Demand for silver in the production of printed and flexible electronics is expected to increase 54% over the next 10 years according to the lede story in the most recent edition of the Silver Institute’s Silver News.
About 34% of the global silver supply was used in electronic devices in 2020. Analysts expect demand in this segment of the market to continue to grow. And one sector in particular – printed and flexible electronics – is forecast to rise dramatically from 48 million ounces in 2021 to 74 million ounces in 2030. Production of printed and flexible electronics is expected to consume around 615 million ounces of silver over the 10-year period.
With advances in technology, silver is being printed on wearable devices and circuit boards, in addition to labels and packaging. Silver labels are also a mainstay of warehouse logistical operations through their use in sensors and RFID devices.
Silver is indispensable for electronics applications because it is the world’s most conductive metal. Moreover, it is relatively easy to screen print, dispense by an inkjet, aerosol or roll-to-roll print (like conventional inks). It also offers corrosion resistance, bendability and stretchability without breaking, all while maintaining its electrical conductivity.”
The latest edition of Silver News also highlights some other fascinating technological advances utilizing the white metal along with some developments in the silver market. Here are some highlights.
- Silver is a vital part of fabrics used in sports performance-measuring textiles because of the metal’s high conductivity and antibacterial properties.
- A Dutch company is selling trace elements, including silver nanoparticles, to farmers to help them grow better and more hardy crops. “Nano trace elements strengthen plants, making them stronger, rendering a better structure and producing greater yield per square meter,” said Frank Combee, sales manager with Hortus Supplies International.

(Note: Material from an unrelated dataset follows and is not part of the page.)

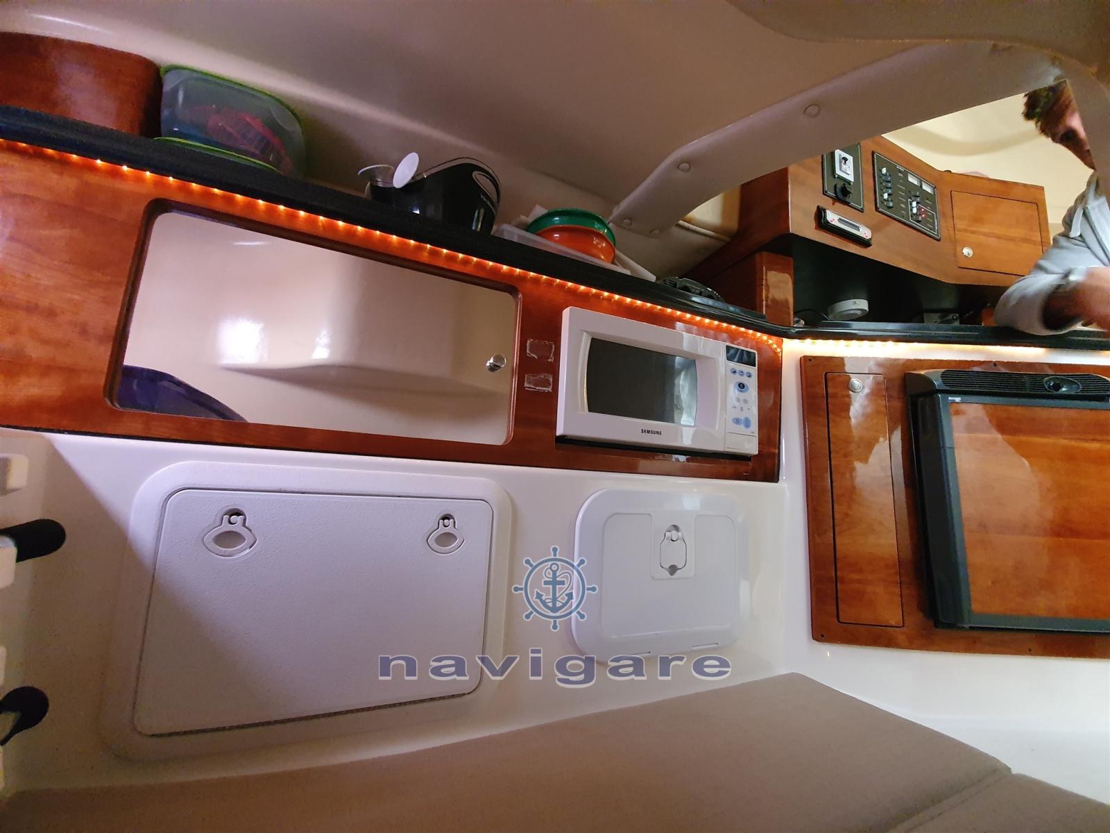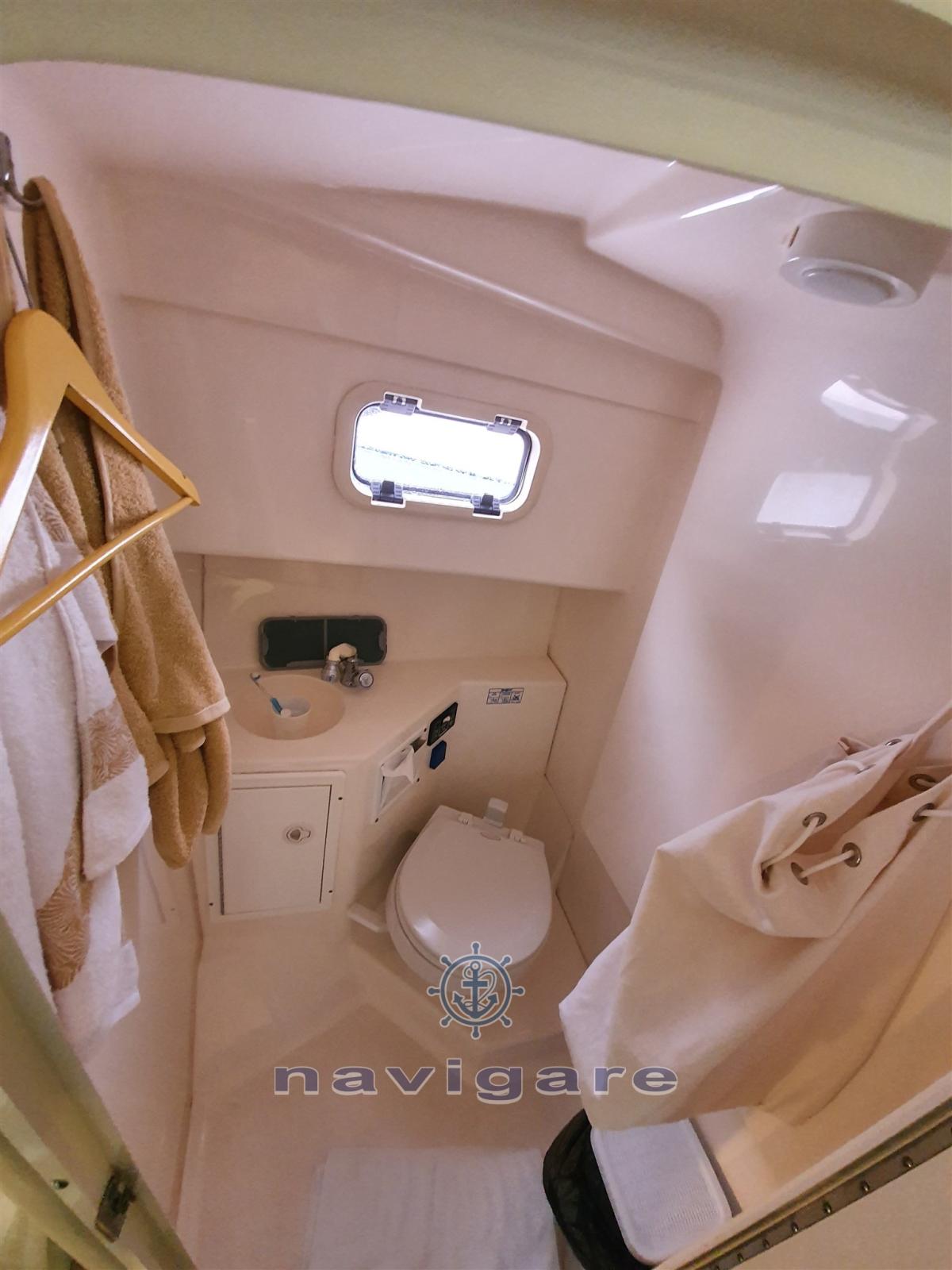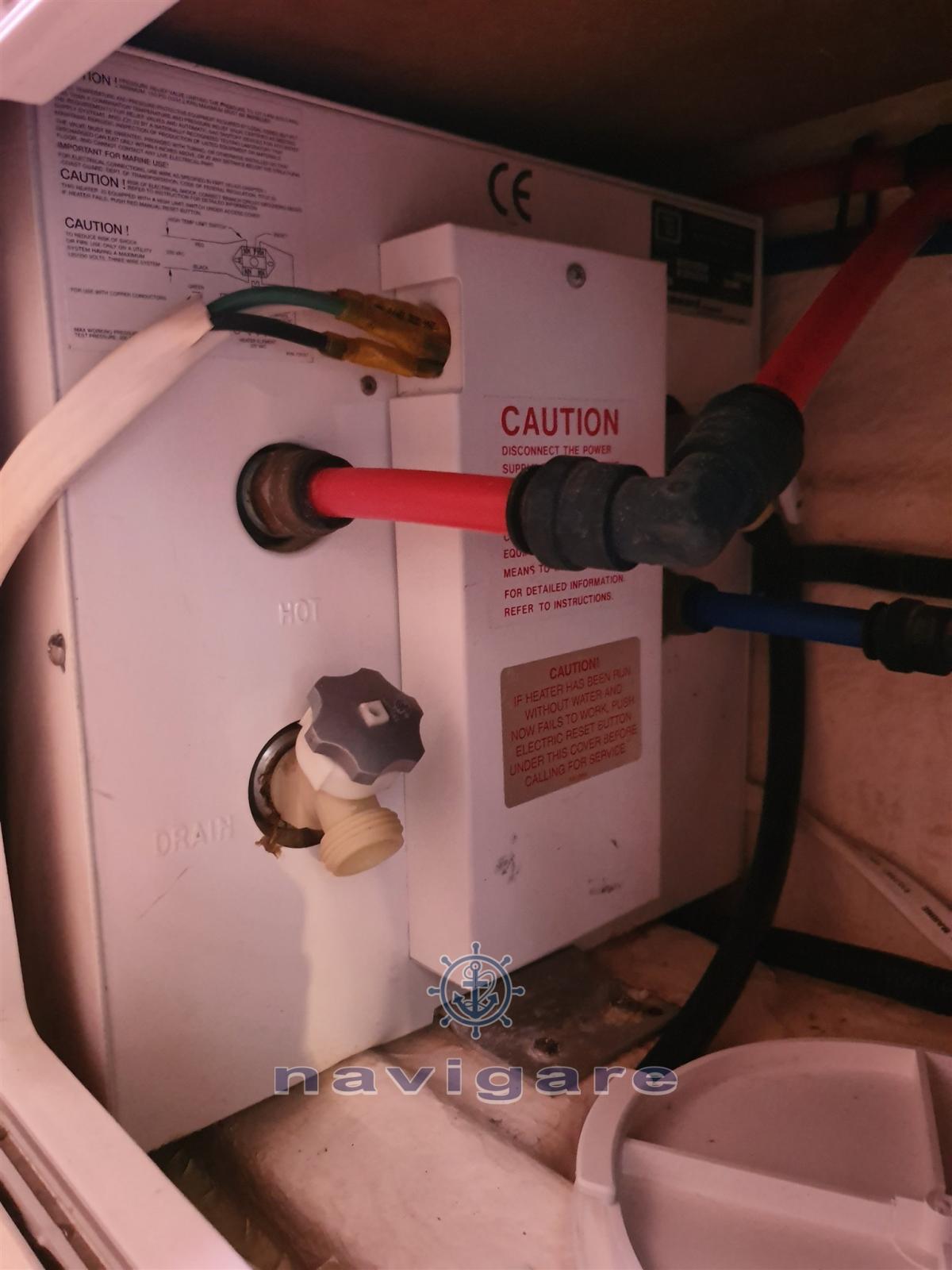 Alarme moteur, Alarme de pompe de cale, Eau sous pression, Radeau de sauvetage (4 posti), 4 Batteries (120 amp h cadauna), Douche de cockpit, Flaps hydrauliques, Éclairage de courtoisie, Pompe de cale automatique, Prise de quai, Connexion eau sous pression à quai, Guindeau électrique, Système de filtration des eaux usées, Annexe (Arimar con motore Honda 2.3 cv).

- Gold-Silver particles are used for catalysis and electrocatalysis, but at some point during these processes, silver leaches out which changes the particles’ ability to continue to act as an
effective catalyst. Scientists are trying to figure out why. If we could stabilize and retain more silver particles, it could lead to a finely-tuned ‘library’ or collection of gold-silver particles of different compositions, which would be available for specific applications without fear of degradation during processes.
- A research team from Italy, the United States, and Singapore has just learned something entirely new about how silver reacts with bacteria, and the scientists’ work could help us understand further how silver kills germs.
- Silver nanoclusters have been shown to halt DNA replication by binding directly to a protein that allows DNA strands to replicate. Without that replication, cells cannot grow thus giving scientists a new way to look at methods to curb deadly cancers in patients.